Chris Uggen's Blog: click me!

Wednesday, February 15, 2006

click me!

another fine jon smajda tech tip:

i just returned from a presentation on clickers, or wireless personal response systems designed for classroom use. i do some polling in my delinquency and statistics classes, so this might work well for my larger classes. instructors are using them locally for quizzing students, gathering class participation data, and getting a quick check on what's sinking in versus what's just sinking. they seem perfect for the large number of shy students who nevertheless want to stay engaged in the class meetings. they might also be handy for getting midterm evaluation results on one's own teaching.

judging from the presentation, the start-up costs would be low for current powerpoint users. you make a slide with a question, flag the correct response, and ask the students to click away. once you close polling, you can examine the responses and break them out in different formats. for my purposes, the most important features involve confidentiality, data formatted for easy download (e.g., into a spreadsheet), disaggregating responses by clickee characteristics such as gender, and the ability to construct questions on-the-fly during lecture. no problem on any of these counts. clicker systems could be great for undergrad data collection as well, particularly for social-psych projects. i'd like to see a little experiment comparing responses by hand-raising versus those individually collected by clickers. i'm sure the secret ballots generate different responses relative to the group dynamics in play with hand-raising.

who buys it? the way it was pitched today, the clicker would be bundled with other course materials at a cost of about $25 per student. to avoid passing the costs to students, departments could order a receiver and set of clickers as well. in our department, carolyn liebler and joel samaha are currently using the systems. there are myriad applications, but i especially like the idea of shifting course based on student responses -- both in a pedagogical sense (do they get the material or do they need another pass through it?) and in a "voice" or procedural justice sense (can they register their preferences on exam formats, review session times, and other issues?).


At 11:20 AM, Anonymous Anonymous said...

Glad you attended the noon presentation. I went to the 10:00 one myself. I was pleasantly surprised at how much the price of the equipment had dropped: about a year ago I looked into this when Joel started using these things and it's dropped significantly since then.
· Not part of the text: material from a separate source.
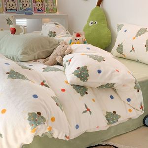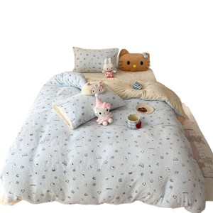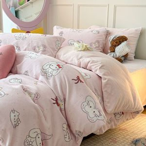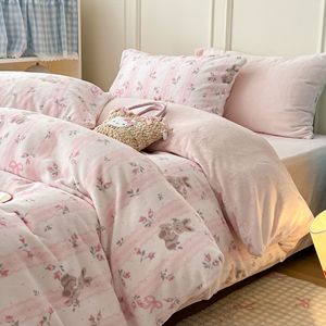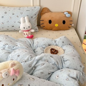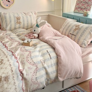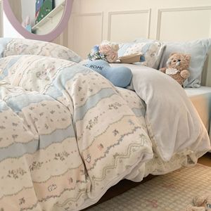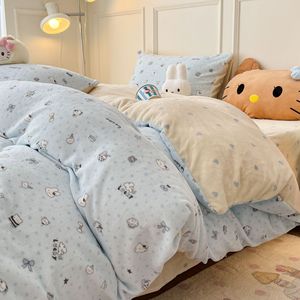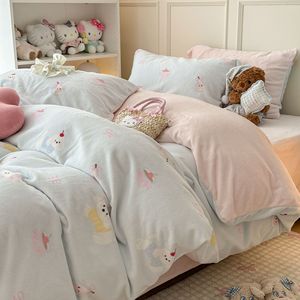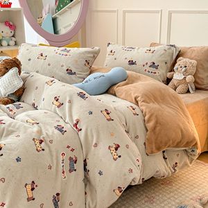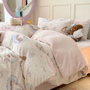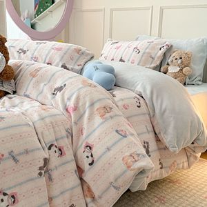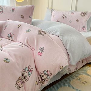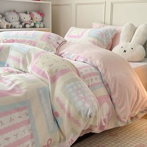 奶fufu萌趣小卡通牛奶绒四件套秋冬款双面保暖珊瑚绒被套床单床笠

Personally, I'm most excited about where this is heading in the future. What I'd like to see - in an ideal world with unlimited funds - is for every student to have laptops and to be able to use those to communicate instead of clickers. Then you could not only do multiple choice type questions, but also get written feedback as well. This is actually already possible with the very system they demo'ed (they may have shown you that or not) but it's not implemented as well yet and, of course, not all students have laptops.

- Jon

At 11:47 AM, Blogger Mike W. said...

Is it possible to monitor which students are/are not participating? If you have the kind of class where attendance/participation are measured parts of the overall course grade, I'd imagine that this technoloy may lead to some contention in whether or not students actually participated.

Perhaps I'm being too cynical, but this strikes me as something that will increase the quantity of participation at the risk of more detailed discussion. It is certainly interesting, though, and when you have classes discussing topics that students consistently clam up over rather than discuss (topics of race, for example), perhaps you're more likely to get honest answers rather than recitation of socially approved stances on such topics (that disguise a student's true opinion/belief on a matter).

At 12:18 PM, Anonymous chris said...

i agree, jon, though the simple clickers are probably ok for me, since students can always write more on class blogs or email when there is more time. also, if they press the question key, they can at least signal their confusion; they might be more likely to raise their hands if they see that a few other people also had questions at the same point. i'm wary of charging students $25 for (what looks to me like) $2.50 worth of radio shack technology, but i understand that they can re-use them and that the clickers subsidize the receivers.

mike, you're absolutely right about volatile topics such as race and crime. that's just the sort of thing i had in mind. i sometimes ask a series of questions: (1) "how many of you think african americans commit more crime than whites?" (2) "how many think they commit twice as much crime?" (3) "five times as much?" (4) "ten times as much?"

at this point, i hit them with minnesota data showing african american incarceration rates that are more than ten times higher than white rates. i'd love to see the results i'd get with clickers compared to the results i get with a show of hands...

At 8:10 AM, Blogger tina said...

so many times I've wanted to poll students on things. very cool!

At 10:57 PM, Anonymous chris said...

it seems to work pretty well, tina. classroom technology is often cooler in theory than practice, of course, but i'm ready to give this one a try.